**Supplied records**

= = = = = = =

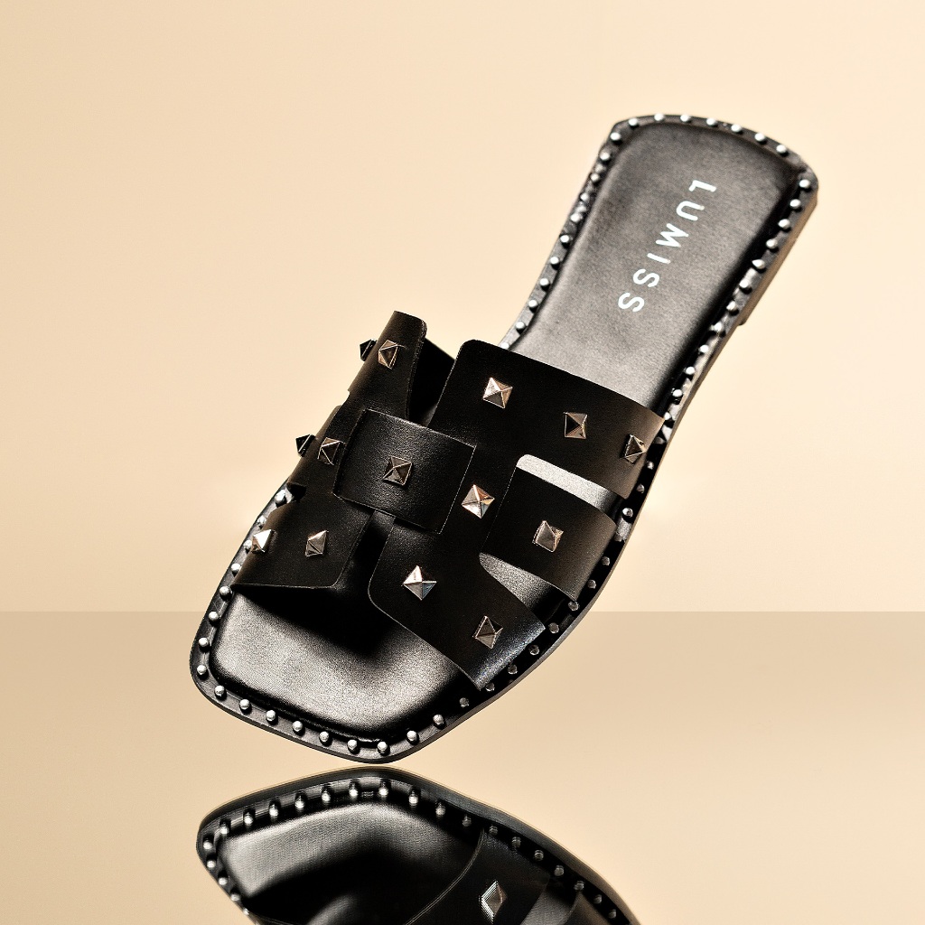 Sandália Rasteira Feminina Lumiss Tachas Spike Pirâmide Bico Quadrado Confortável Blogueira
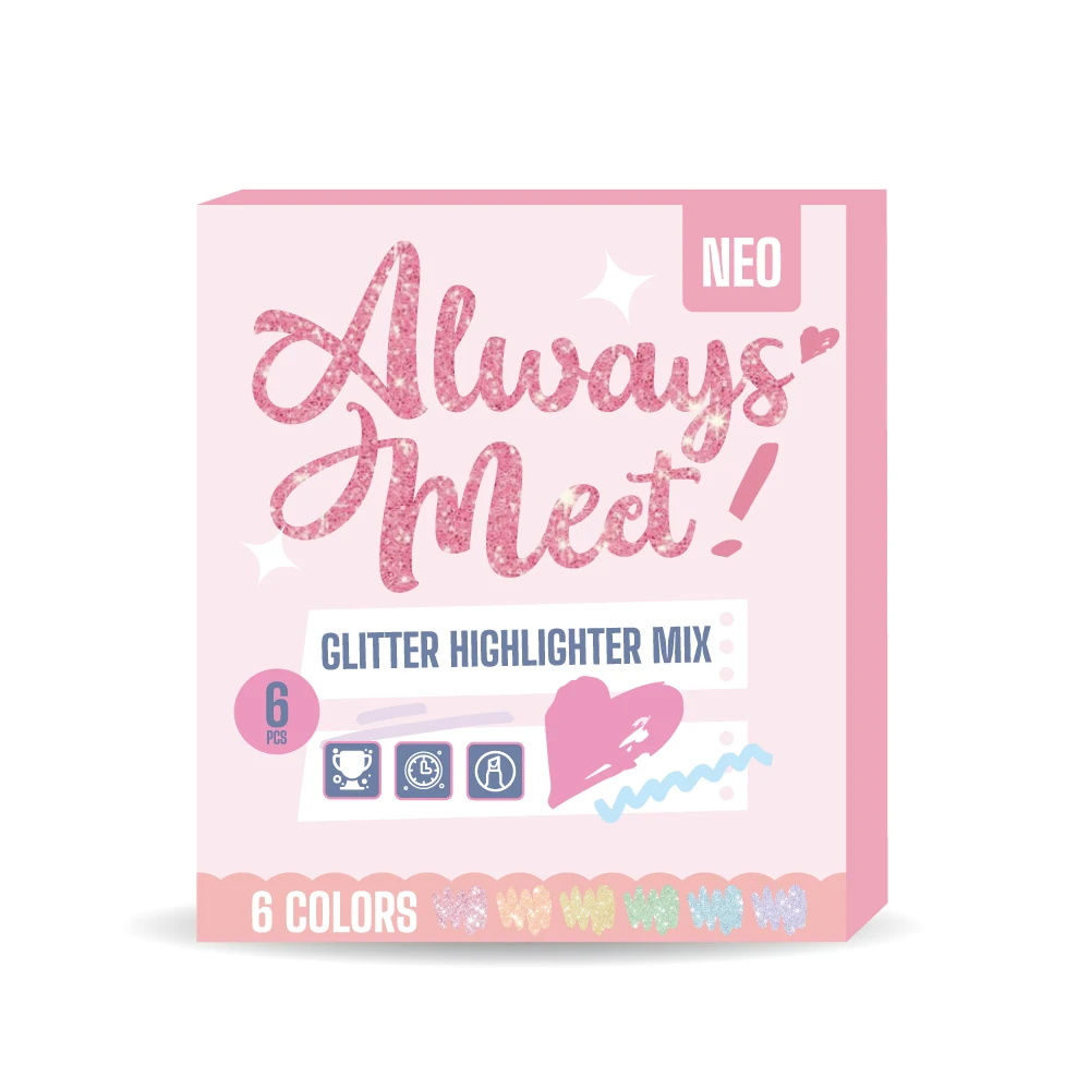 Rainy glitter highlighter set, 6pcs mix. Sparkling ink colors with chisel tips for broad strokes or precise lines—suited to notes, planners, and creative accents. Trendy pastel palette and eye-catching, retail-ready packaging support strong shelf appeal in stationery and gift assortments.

= = = = = = =

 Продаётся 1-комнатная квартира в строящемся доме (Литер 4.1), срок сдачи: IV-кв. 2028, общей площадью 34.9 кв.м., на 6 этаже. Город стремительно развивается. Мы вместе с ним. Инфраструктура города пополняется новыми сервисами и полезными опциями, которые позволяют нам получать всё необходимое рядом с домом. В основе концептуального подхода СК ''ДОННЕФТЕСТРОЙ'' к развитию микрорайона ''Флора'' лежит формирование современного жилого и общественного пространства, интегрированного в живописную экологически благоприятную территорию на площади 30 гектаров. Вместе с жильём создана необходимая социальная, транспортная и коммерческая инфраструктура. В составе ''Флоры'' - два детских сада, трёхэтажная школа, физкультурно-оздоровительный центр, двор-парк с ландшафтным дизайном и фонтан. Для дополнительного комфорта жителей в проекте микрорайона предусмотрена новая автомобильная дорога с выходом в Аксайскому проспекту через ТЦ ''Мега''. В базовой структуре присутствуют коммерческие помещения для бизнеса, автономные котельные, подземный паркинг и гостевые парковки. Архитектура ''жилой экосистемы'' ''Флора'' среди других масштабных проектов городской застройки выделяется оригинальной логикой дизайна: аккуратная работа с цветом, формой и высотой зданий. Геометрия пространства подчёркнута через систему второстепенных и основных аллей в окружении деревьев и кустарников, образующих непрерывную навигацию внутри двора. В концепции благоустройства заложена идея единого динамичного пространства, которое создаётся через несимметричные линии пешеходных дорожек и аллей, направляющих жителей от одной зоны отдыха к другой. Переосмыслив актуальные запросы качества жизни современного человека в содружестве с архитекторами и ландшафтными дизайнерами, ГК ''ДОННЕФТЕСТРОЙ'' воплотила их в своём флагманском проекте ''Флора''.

= = = = = = =

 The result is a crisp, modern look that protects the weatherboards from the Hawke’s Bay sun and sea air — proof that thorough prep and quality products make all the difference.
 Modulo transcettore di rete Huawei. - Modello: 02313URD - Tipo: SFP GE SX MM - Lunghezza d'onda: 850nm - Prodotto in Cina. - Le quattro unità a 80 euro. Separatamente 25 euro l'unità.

= = = = = = =

**The problem**
In the entries above, find the line with "The result is" and the line with "Modulo transcettore di", then restate word for word both of them and every line between, with nothing more.

**Result of the exercise**
 The result is a crisp, modern look that protects the weatherboards from the Hawke’s Bay sun and sea air — proof that thorough prep and quality products make all the difference.
 Modulo transcettore di rete Huawei. - Modello: 02313URD - Tipo: SFP GE SX MM - Lunghezza d'onda: 850nm - Prodotto in Cina. - Le quattro unità a 80 euro. Separatamente 25 euro l'unità.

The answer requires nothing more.